Could you write out, exactly and with no pictures, every line from the one containing "お弁当に入れるのに時間がなく" through the last line of the entries?

▶ **The data**:
· · · · ·

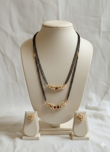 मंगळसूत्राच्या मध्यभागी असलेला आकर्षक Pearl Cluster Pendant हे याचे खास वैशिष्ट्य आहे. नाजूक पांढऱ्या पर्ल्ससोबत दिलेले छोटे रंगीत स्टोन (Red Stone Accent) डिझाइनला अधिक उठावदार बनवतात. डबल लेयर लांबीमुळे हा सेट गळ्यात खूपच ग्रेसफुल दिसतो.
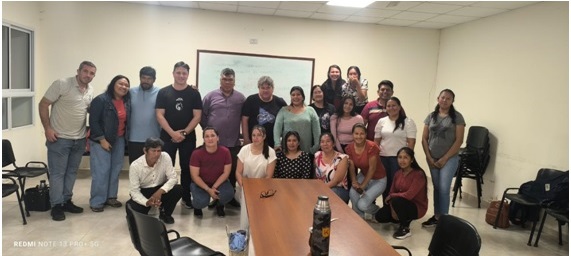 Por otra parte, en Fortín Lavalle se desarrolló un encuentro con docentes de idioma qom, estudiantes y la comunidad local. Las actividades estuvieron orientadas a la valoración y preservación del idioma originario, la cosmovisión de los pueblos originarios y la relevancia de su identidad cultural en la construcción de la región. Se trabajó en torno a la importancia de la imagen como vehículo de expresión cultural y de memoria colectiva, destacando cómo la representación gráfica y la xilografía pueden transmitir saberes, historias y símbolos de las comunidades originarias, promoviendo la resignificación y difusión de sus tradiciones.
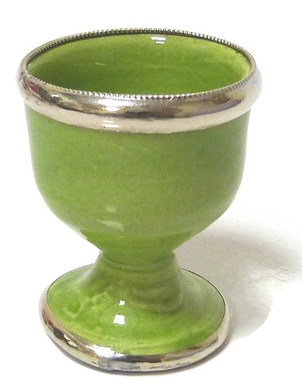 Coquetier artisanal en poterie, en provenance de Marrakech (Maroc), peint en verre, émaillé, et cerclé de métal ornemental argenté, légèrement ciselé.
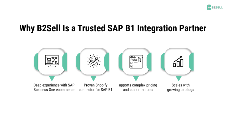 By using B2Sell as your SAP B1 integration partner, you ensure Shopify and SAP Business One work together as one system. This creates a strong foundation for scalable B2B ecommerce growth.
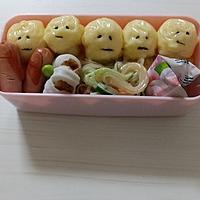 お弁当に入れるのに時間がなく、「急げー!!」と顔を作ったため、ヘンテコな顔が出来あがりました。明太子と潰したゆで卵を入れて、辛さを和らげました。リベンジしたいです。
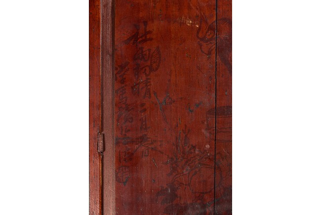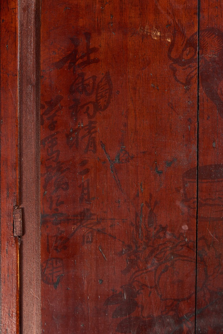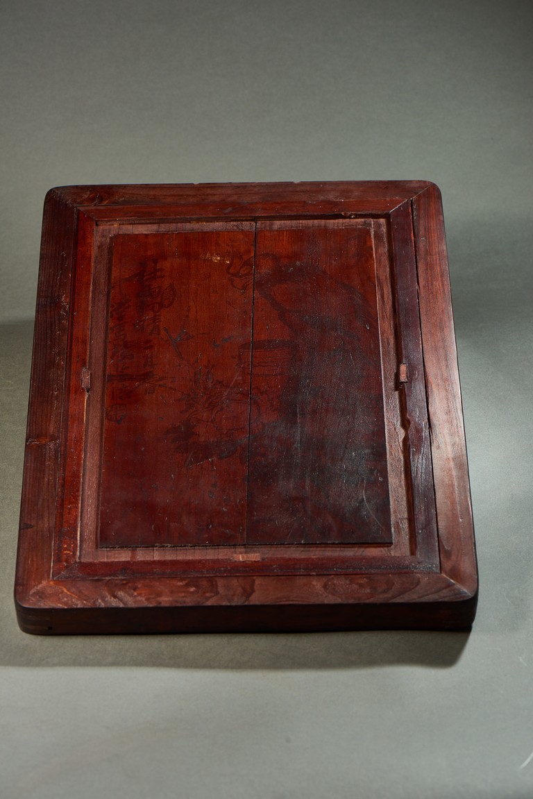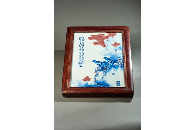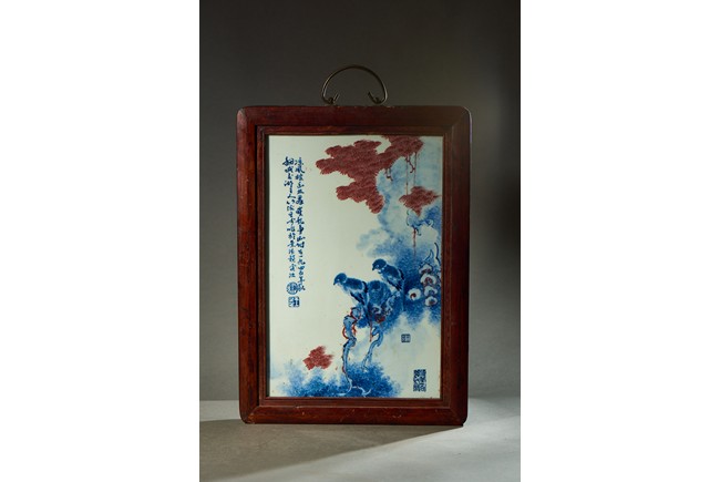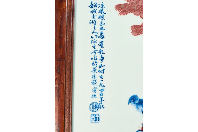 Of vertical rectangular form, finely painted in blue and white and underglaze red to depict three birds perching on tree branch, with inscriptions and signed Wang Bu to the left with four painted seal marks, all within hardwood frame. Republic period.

· · · · ·

▶ **Expected answer**:
 お弁当に入れるのに時間がなく、「急げー!!」と顔を作ったため、ヘンテコな顔が出来あがりました。明太子と潰したゆで卵を入れて、辛さを和らげました。リベンジしたいです。
 Of vertical rectangular form, finely painted in blue and white and underglaze red to depict three birds perching on tree branch, with inscriptions and signed Wang Bu to the left with four painted seal marks, all within hardwood frame. Republic period.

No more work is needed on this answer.